論 考

頭が頭--だからであろうか?

 2016年7月26日津久井やまゆり園事件の、被害者ご遺族が、パラリンピック聖火の採火を、やまゆり園再建予定地でおこなうことに異議申し立てをされた。ご遺族は、採火の決定に驚き、違和感があったとされるが、遺族や縁者でなくても違和感をもつ。

 そもそも五輪の聖火はギリシャ神に対する神事である。宗教的に無関係であるのに、聖火リレーに熱心なのは、イベントを盛り上げるための方便であって、野蛮な思想が作り出した悲惨な事件と似つかわしくない。聖火リレーはドンジャカ賑やかに先導するらしい。
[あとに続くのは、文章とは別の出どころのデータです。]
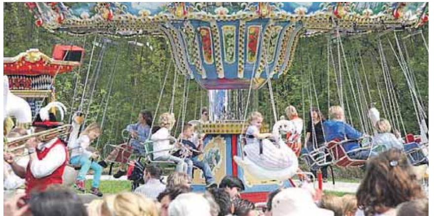
Am Pfingstweekende wird wieder das Burschenfest der Harlacher Burschen gefeiert. Auch sonst ist wieder jede Menge geboten.

Brauchtum und Geselligkeit rund um den Maibaum
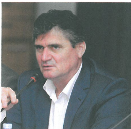
GRIGORE POP, director general ANRM

acceptului proprietarilor de teren mai sus menționat, sunt nevoiți să ducă negocieri cu aceștia, iar de multe ori, din cauza prețului foarte ridicat (5-10 lei/mp), acțiunea eșuează și activitatea de exploatare nu mai poate avea loc, deci nici reducerea veniturilor la bugetul de stat. Soluția – Legea minelor nr. 85/2003 cu modificările și completările ulterioare trebuie completată cu prevederea: exproprierea pentru utilitate publică a suprafețelor de teren unde urmează să se desfășoare activitate de exploatare a resurselor minerale naturale bunuri ale statului.”
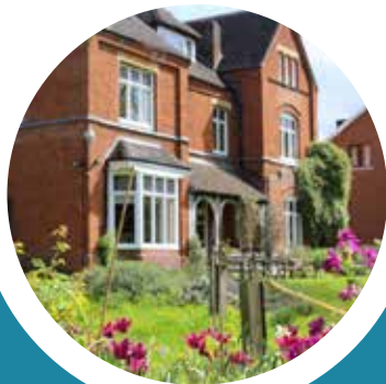
露西卡文迪许学院
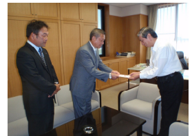
田辺市とみなべ町へ復興のための支援金をお渡ししました。
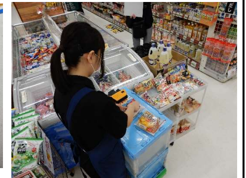
サンキュードラッグ一枝店
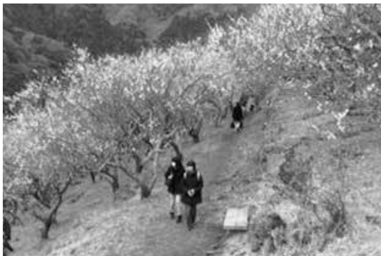
湯河原駅から15分湯河原梅林
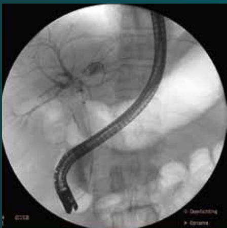
Эндоскопическая ретроградная холангиопанкреатография (ERCP) в передней проекции
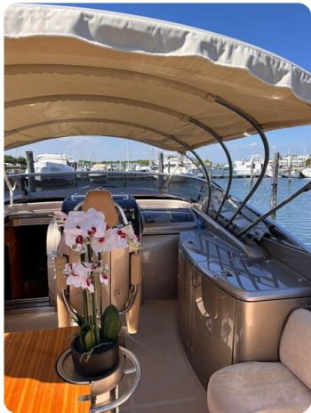
Rivarama cockpit detail
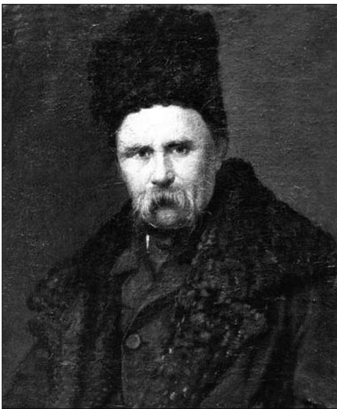
Іл. 2. Гаврило маляр. Портрет Тараса Шевченка. 1864, полотно, олія; НМЛ імені Андрея Шептицького

У 1864 р. академічна молодь купила портрет, намальований на полотні. Цього ж року його виставили у церкві на час богослужіння [23]. Згодом олійний портрет частіше згадували на святкуваннях Шевченківських днів, які, зазвичай, відбувалися у другій половині дня. Так, у 1866 р. його планували показати у світлі бенгальських вогнів після закриття вистави «Назар Стодоля» Т. Шевченка у залі Народного Дому [24, с. 75]. Про нього написали у 1869 р., коли до організації святкувань долучилося новостворене товариство «Просвіта»: «Головна саля, приу-
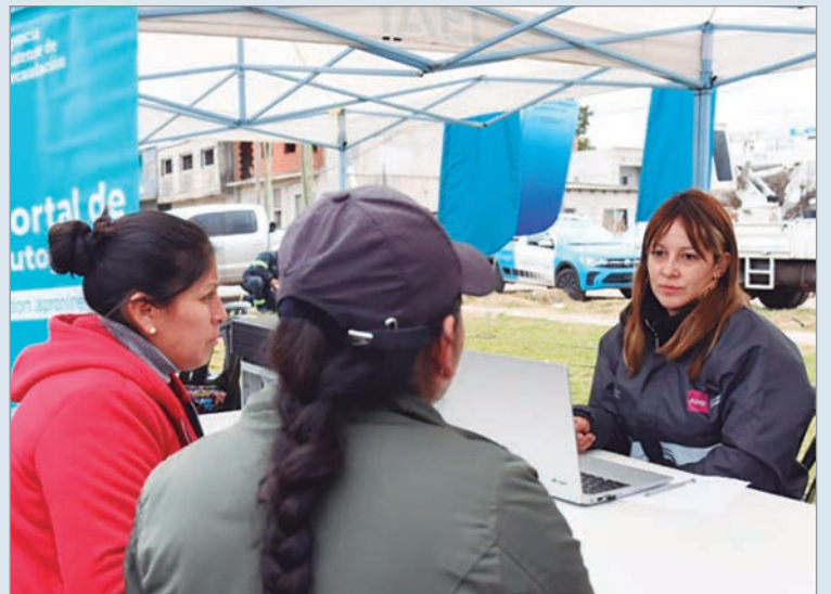
La comunidad de la localidad del oeste podrá obtener DNI y tarjetas SUBE

Por otro lado, un equipo de la Cruz Roja estará brindando información, orientación y asistencia en adicciones y personal especializado en cada área, asesoramiento sobre personería jurídica, regularización dominial, derechos y obligaciones de los
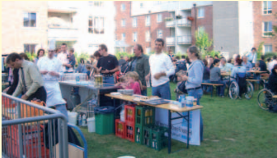
Die vom IB-Hotel aufgestellten Tische und Bänke reichten am späten Nachmittag nur knapp aus, um die vielen Festbesucher unterzubringen

Samstag, der 15. September. Es ist 14 Uhr. Nach vielen feucht-kühlen Tagen ist der Sommer zurückgekehrt – mit linden Lüften, einem strahlend blauen Himmel, auf den ein paar weiße Wolken getupft sind, und mit einer kräftig wärmenden Sonne.
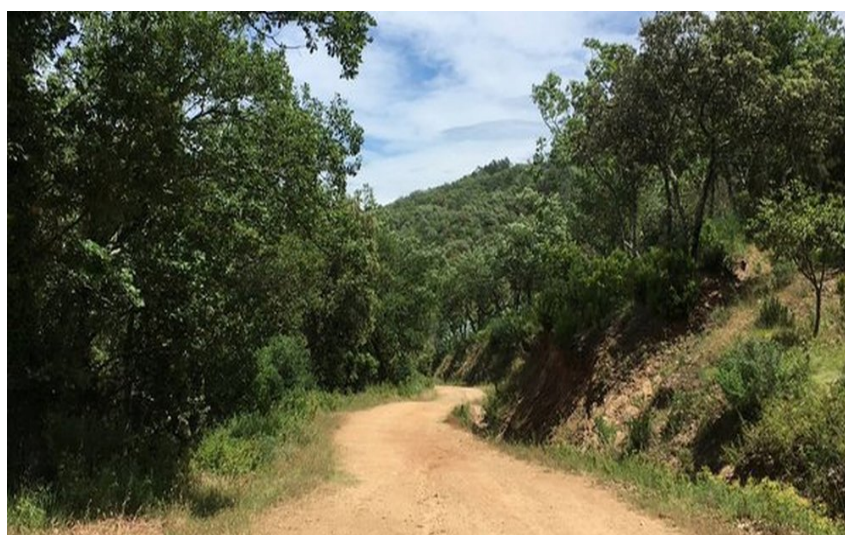
Sentier large avec de la végétation de chaque côté

Ce circuit vous fait passer dans une ripisylve riche et humide dans sa première partie. Puis, vous montez à flanc de colline dans une ambiance chaude et ensoleillée pour découvrir l'Apiè de Raybaud. Au sommet, une vue imprenable vous attend.
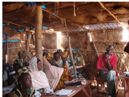
Wir haben Schulbänke!
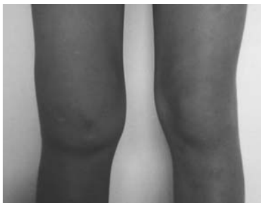
Figura 1 - Aspecto clínico - caso 1.

A AH em fase subaguda é uma artropatia de natureza inflamatória, em que as hemartroses sucessivas provocam inflamação sinovial e aumentam a susceptibilidade a novas hemorragias, estabelecendo um ciclo vicioso. A articulação que sofre este processo durante a adolescência terá como seqüela uma artropatia degenerativa grave com lesão da cartilagem articular, contratura fibrosa da cápsula articular
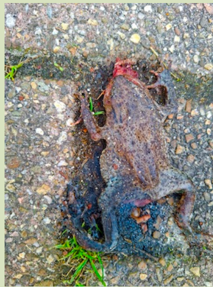
Gewone pad, vrouwtje doodgereden
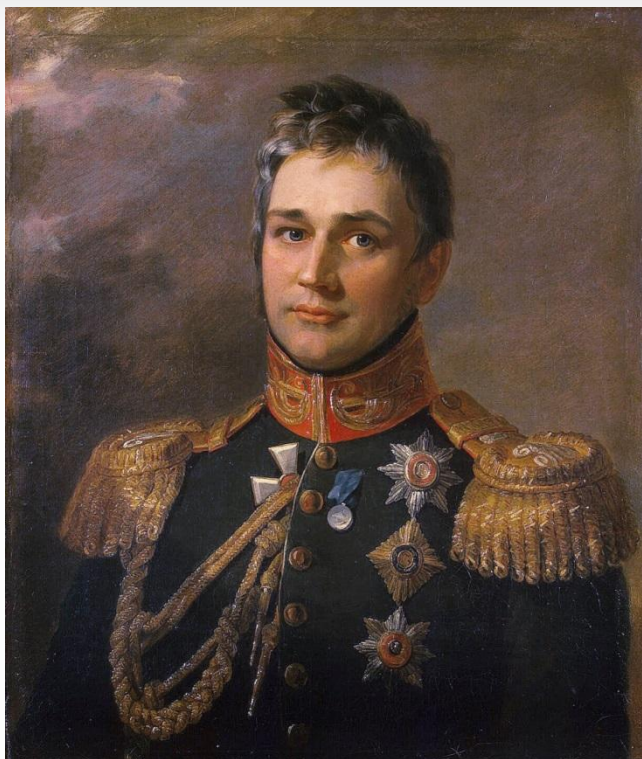
Михаил Семёнович Воронцов

レクイエムとお祭りは正反対である。

 わたしは新聞報道で初めて知ったのだが、自治体関係者の誰が思いついたにしても、反対意見はなかったのか。いかに、レクイエムの気持ちを込めましたといっても、形式的で建前である。事件後、人々が大いに反省して差別意識が消えたというような結構な事態でもない。まことに軽い、軽すぎる。

 「復興五輪」にしても、「コロナに対する勝利」にしても、なんと軽薄かつ、中身がないことか。上意下達的組織においては、「頭」がとぼけていると、末端までとぼけが浸透するが、まさに(これは菅氏の口癖である)きちんと思索ができない行政組織の典型的事例である。